Archdeacon of Brecon
- Incumbent
- Assumed office 2013

Personal details
- Born: 1956 (age 69–70) Bournemouth
- Spouse: Susan Jevons
- Children: 2
- Alma mater: University of Exeter Ridley Hall, Cambridge

= Alan Jevons =

Alan Neil Jevons (b 1956) is a Church in Wales priest: he has been Archdeacon of Brecon since 2013.

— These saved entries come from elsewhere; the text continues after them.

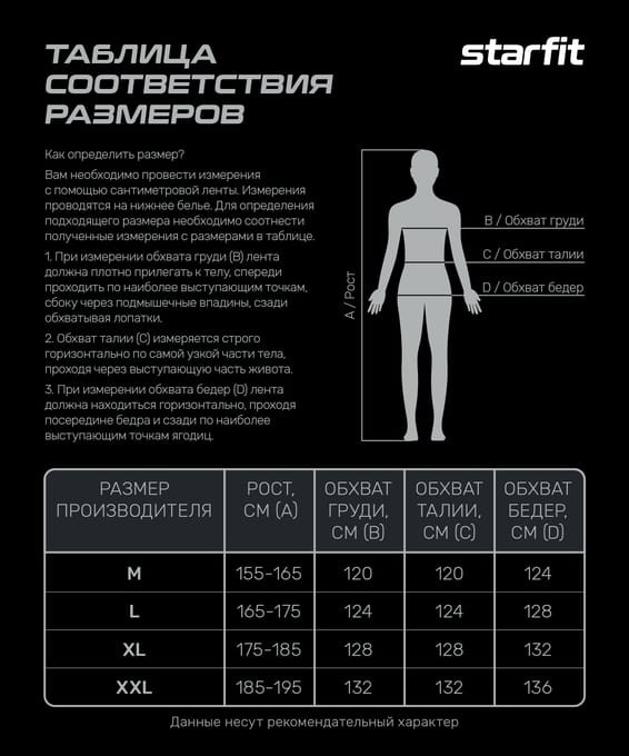 на мой рост 185 см и вес 97 кг хорошо подошёл размер 54/XXL. Надевал поверх обычного спортивного костюма. Материал такой - типа тонкого ПВХ (клеёнки) из которого делают детские надувные круги. Для аккуратной носки. Гораздо слабее обычной болониевой ткани на ветровке. Зацепишь за ветку - порвёт мигом. Для спокойных занятий физкультурой в целях сгонки веса - хорошо (пока примерял уже вспотел). Если кто-то хочет использовать на охоте/рыбалке, на велике/скутере в качестве дождевика - думаю хватит на пару раз, из-за слабого и не предназначенного для этого материала. Представьте себе особо прочный мусорный пакет - вот примерно такая крепость. Но это ведь весосгонный костюм, а для этого он в самый раз. Все технологические выходы (под шею, руки, щиколотки) на резинках-утяжках. Штаны не имеют выраженного "переда/зада", т.е. всё-равно как надевать. При приседании поясная линия штанов имеет тенденцию к сползанию на задницу (побочный эффект такого кроя). При ходьбе и беге - все норм.
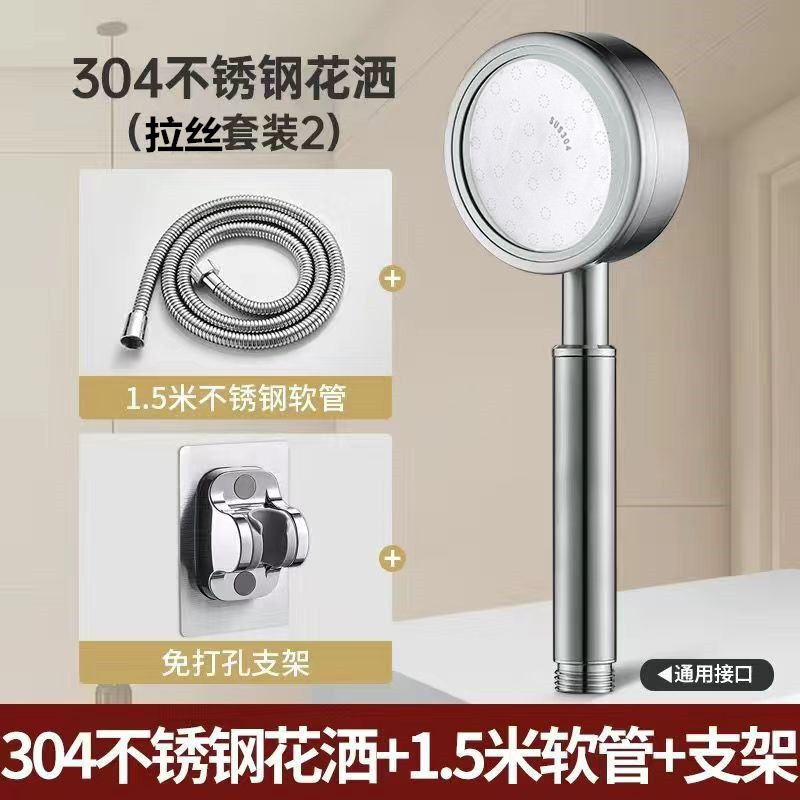 • 304 브러시드 핸드 샤워기 + 전기 도금 대형 표면 + 304 브러시드 1.5m 샤워 파이프
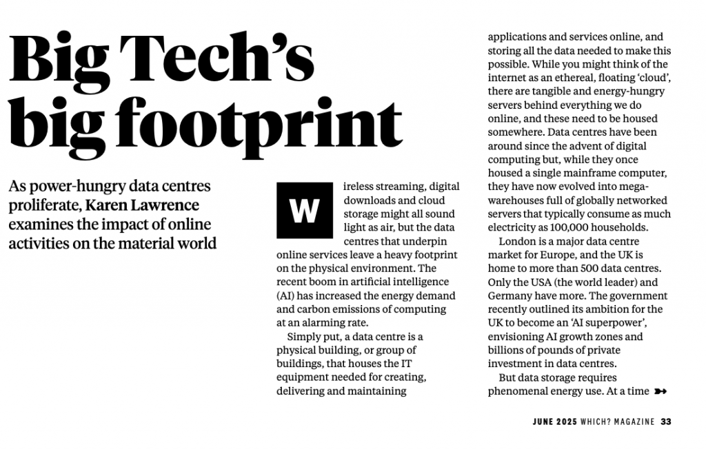 Felippa Amanta was interviewed by Which? Magazine on Big Tech’s Big Footprint. Which? magazine is a monthly magazine published by the UK’s Consumers’ Association offering independent advice to consumers. In June’s issue, Which? spotlighted the energy consumption of online services and digital activities. Felippa commented on the indirect impacts of these online services on our consumption behaviour. For example, AI-led efficiency savings may lead consumers to use or buy more of a product or service.
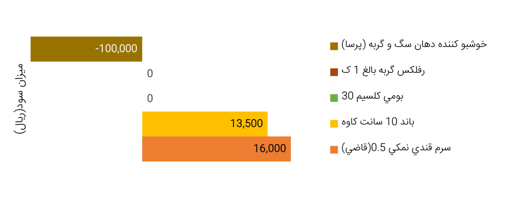 - مقادیر صفر نشان دهنده برابری قیمت خرید و فروش و مقدار منفی نشان دهنده فروش زیر قیمت خرید و یا دور ریزی کالا است.

He was born in Bournemouth and educated at the University of Exeter and Ridley Hall, Cambridge. He was made deacon at Petertide 1981 (28 June) and ordained priest the following Petertide (27 June 1982) — both times by Philip Goodrich, Bishop of Worcester, at Worcester Cathedral. After curacies in Halesowen and Heywood he was Team Vicar of Hereford from 1987 to 1993. He was at Much Birch from 1993 until 2002; and Tenbury Wells from 2002 until 2007. He was Vicar of Llyn Syfaddan from 2007 until 2015; and Social Responsibility Officer for the Diocese of Swansea and Brecon from 2007 until his appointment as Archdeacon. He was collated Archdeacon of Brecon at Brecon Cathedral on 17 February 2013.